The only way to grapple with the irresolvable is to recognize that we are culpable for what we say and how we say it. That does not mean we shouldn't consider the difficult or contested--unless we seek an art less easy, we will fight the same battles, encounter the same barriers. And so I hope we have the courage to earn authority rather than assert it, to attempt knowing that though we're likely to fail, we have a responsibility to try."
At HTMLgiant, Kyle Minor was kind in response: "The inaugural issue includes poems from Dan Albergotti, Sandy Florian, Ed Pavlic, and Ginny Hoyle, Snezana Zabic’s essay “Meet Satan,” and, most interestingly, a portfolio of work by and about Michael Copperman, whose story “It” is written, as he describes it, in “black Delta dialect, not reproducing African-American Vernacular English (AAVE) so much as depicting a particular boy speaking it,” although the story’s author self-describes as “a Japanese-Hawaiian Russo-Polish Jew” in his essay “Race, Authenticity, Culpability,” which appears alongside the story."
At Big Other, Amber Sparks reacts to my essay, asking:
Amber Sparks at Big Other also weighed in, asking: "Well, so, what if Mike taught for years in these schools and knows these kids better than, say, a wealthy black person living in Park Slope, Brooklyn? Or not? Who bestows authority? Who has it and who doesn’t? What about race and class? What does it say about who we are that we cannot answer these questions but become so uncomfortable, and sometimes so defensive when we try to?"
Good question, is what I find myself saying. Occasionally I have tried to respond to such questions after pieces about these issues by Roxane Gay at HTMLgiant, who I quote in my essay, and I find myself inevitably lecturing some twenty-three-year old mfa who believes it's much better to be a writer of color or a woman, and that America is surely post-racial.
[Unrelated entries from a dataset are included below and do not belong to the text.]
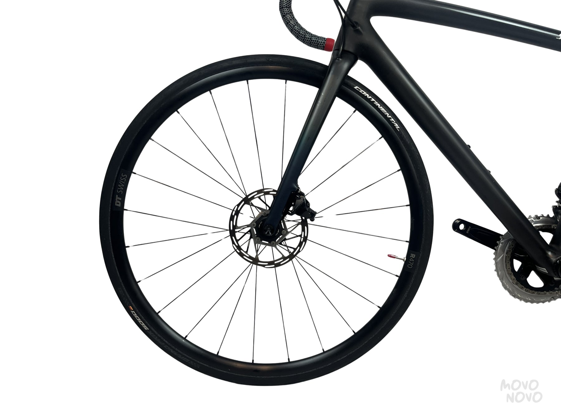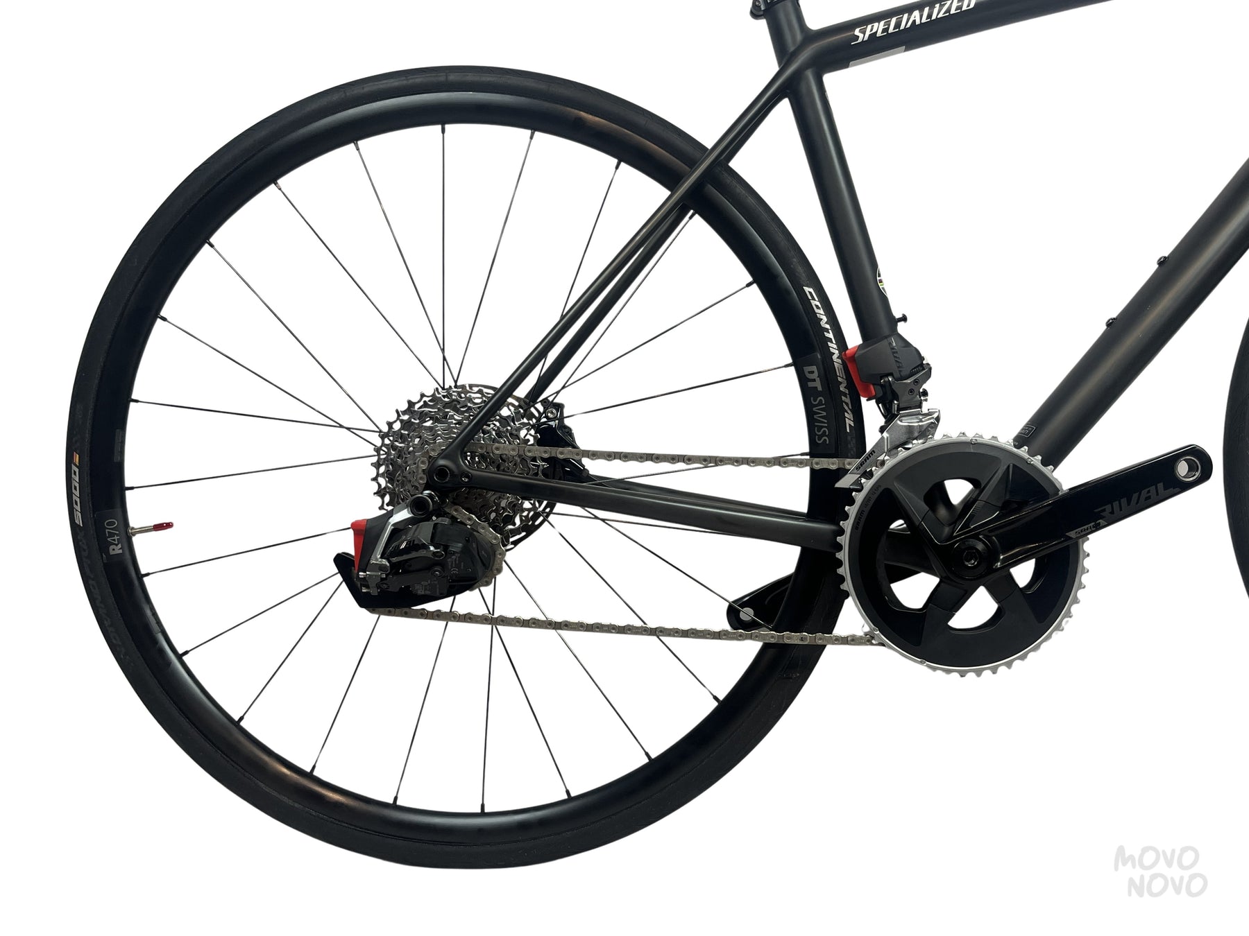 La bicicleta está equipada con una transmisión SRAM Rival AXS 2x12, rines DTSwiss
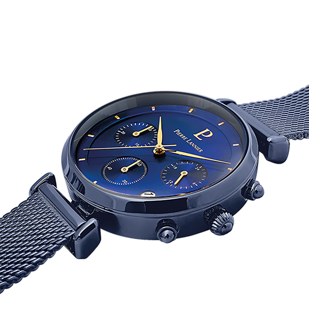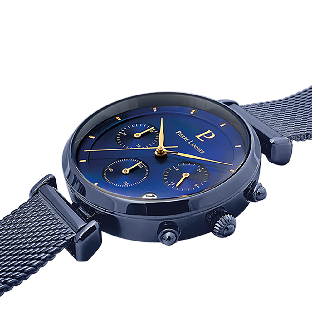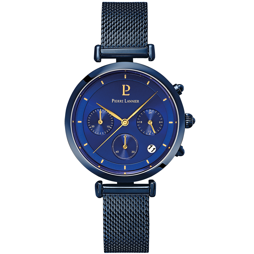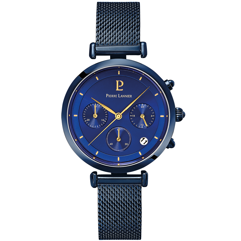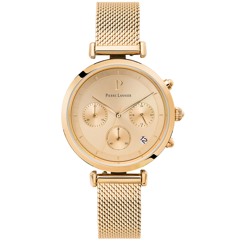 Evoquant l’univers Art Déco et l’emblématique hôtel parisien, la ligne LUTECIA est ponctuée par 3 guichets situés au centre du cadran et indiquant sa fonction chronographe. Son élégance est mise en avant grâce à des jeux de brillance, de lumière et de texture. Lutecia, le premier chronographe pour femme de Pierre Lannier La discrétion des index et des minuteries de cette montre met en avant les jeux de brillance des cadrans et des compteurs soleillés. Les poussoirs, la couronne ainsi que le dateur sont tout en rondeur et créent une harmonie avec des aiguilles en forme de feuille.
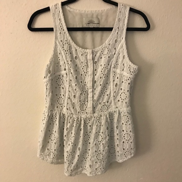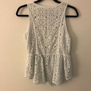 This top is so fun for summer. It is lacey throughout the front and the back and features a peplum look.
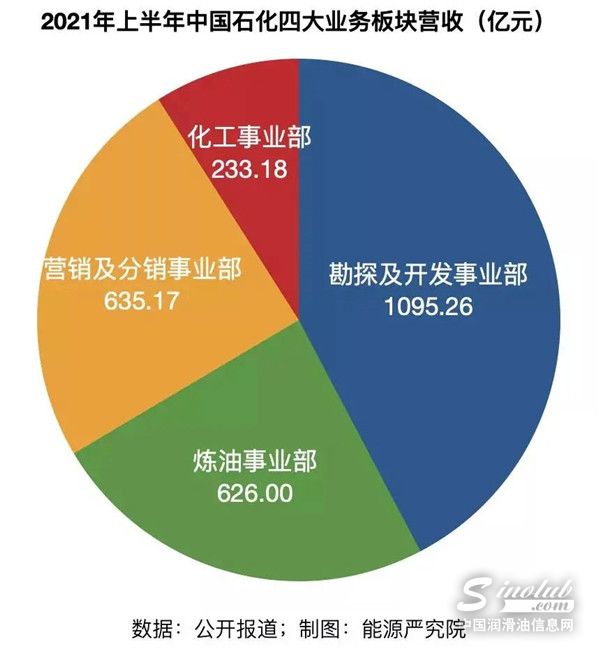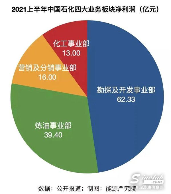 数据显示,2021年上半年,中国石化勘探及开发事业部、炼油事业部、营销及分销事业部、化工事业部的收益分别是62.33亿元、39.4亿元、16亿元、13亿元。
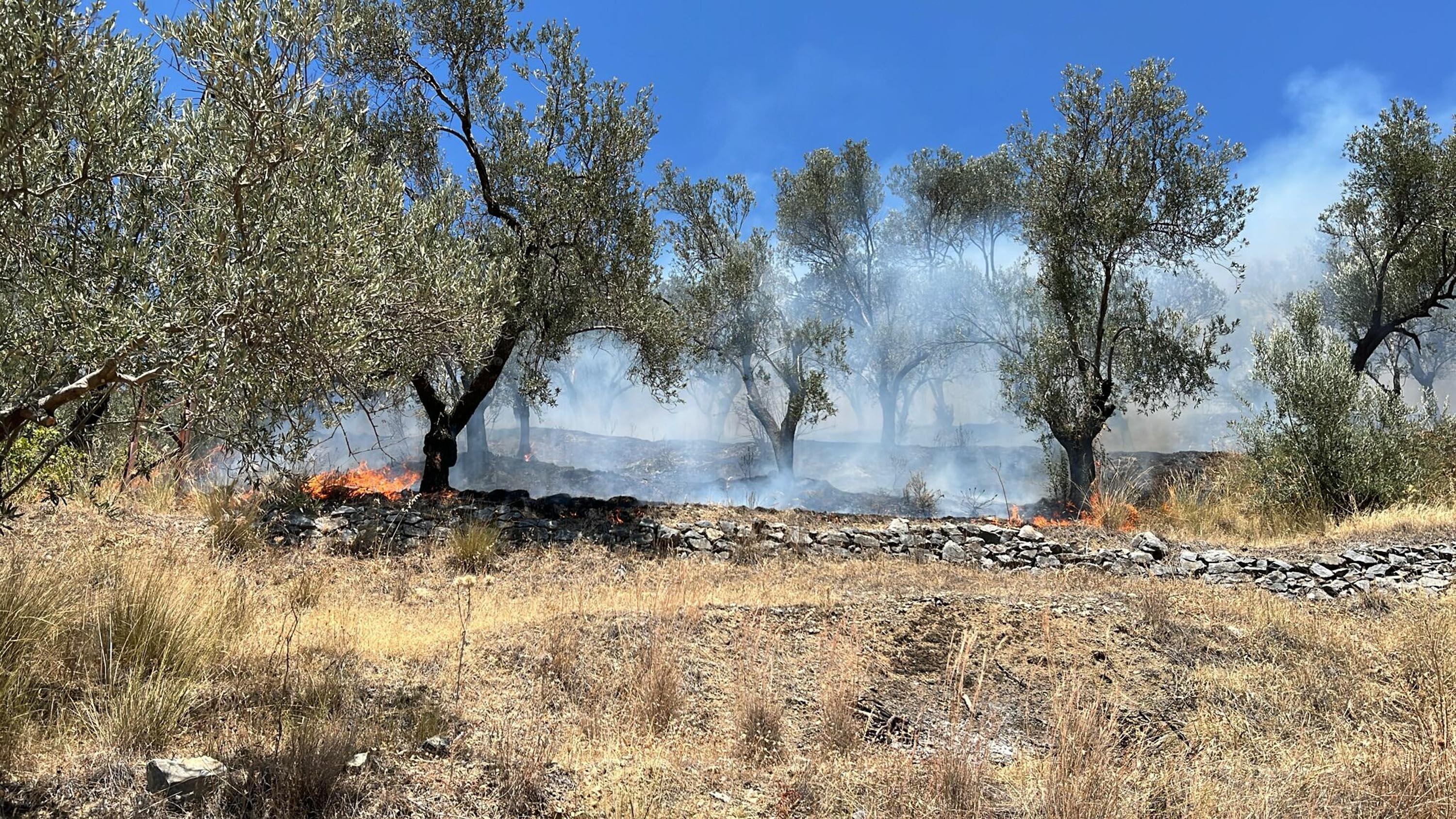 Edremit ilçesine bağlı Güre-Çamlıbel Mahallesi'ndeki zeytin ağaçlarının bulunduğu tarım arazisinde, saat 13.00 sıralarında yangın çıktı. Alevler kısa sürede büyüdü. İhbarla bölgeye 7 itfaiye aracı ile Balıkesir Orman Bölge Müdürlüğü'ne ait 4 uçak, 3 arazöz sevk edildi. Edremit İlçe Hizmetleri Daire Başkanlığı, Balıkesir Su ve Kanalizasyon İdaresi (BASKİ) ve Edremit Belediyesi'ne ait 1'er su ikmal aracı da söndürme çalışmalarına destek verdi. Alevler, havadan ve karadan 2 saatlik müdahale ile saat 15.00 itibariyle kontrol altına alındı. Yangının çıkış nedeni araştırılırken, bölgede soğutma çalışmaları sürüyor. (DHA)
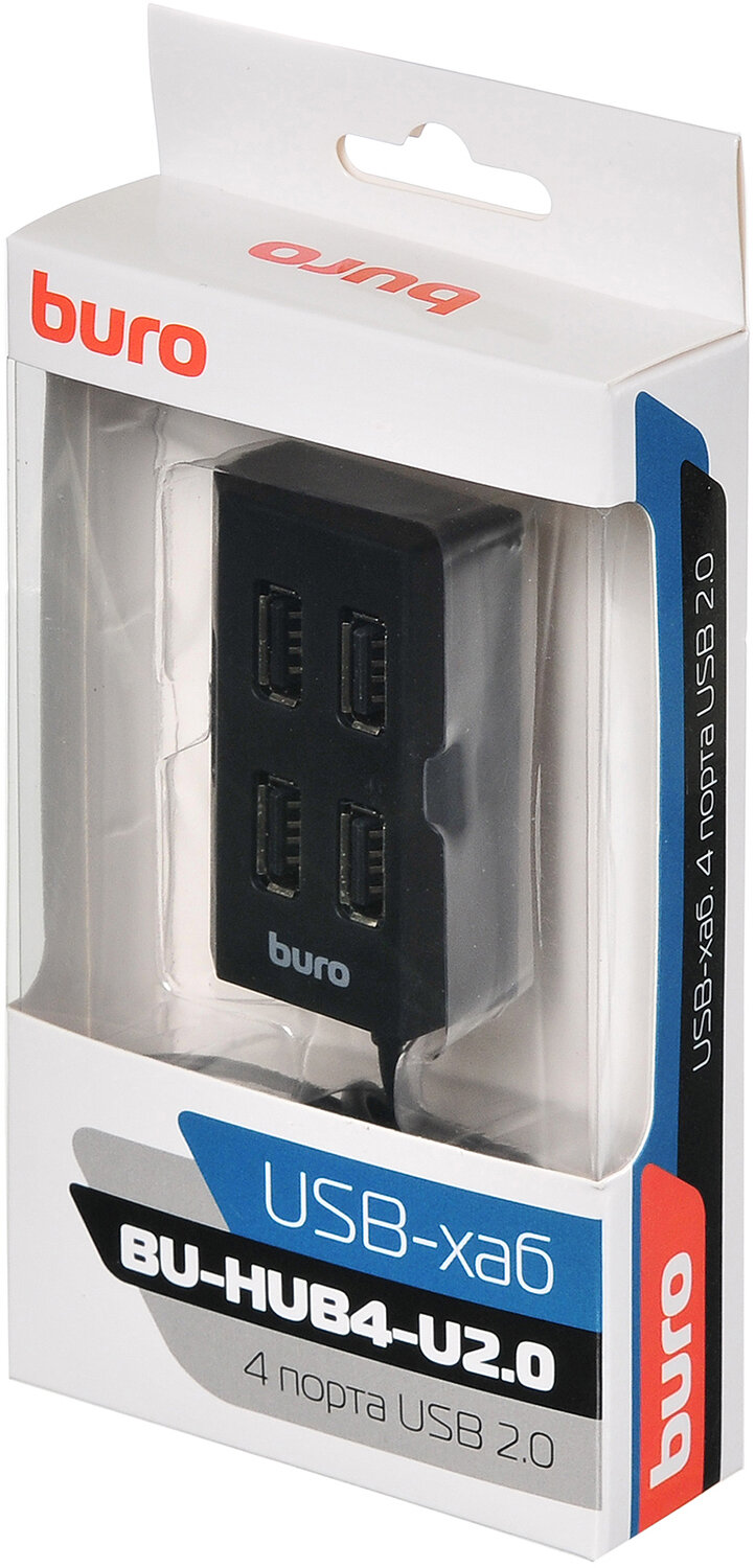 Концентратор USB 2.0 BURO BU-HUB4-U2.0 4 x USB 2.0 черный

My position, as I note, is simultaneously that it's difficult to write about unmainstream experiences, and too, that 'experience' or phenotype alone are not adequate means of conferring authorial authority. This conversation is a difficult one, and a personal one, as for me, the stakes are the success of work I've spent seven years on. I hope the conversation continues, however, as it's both necessary and important.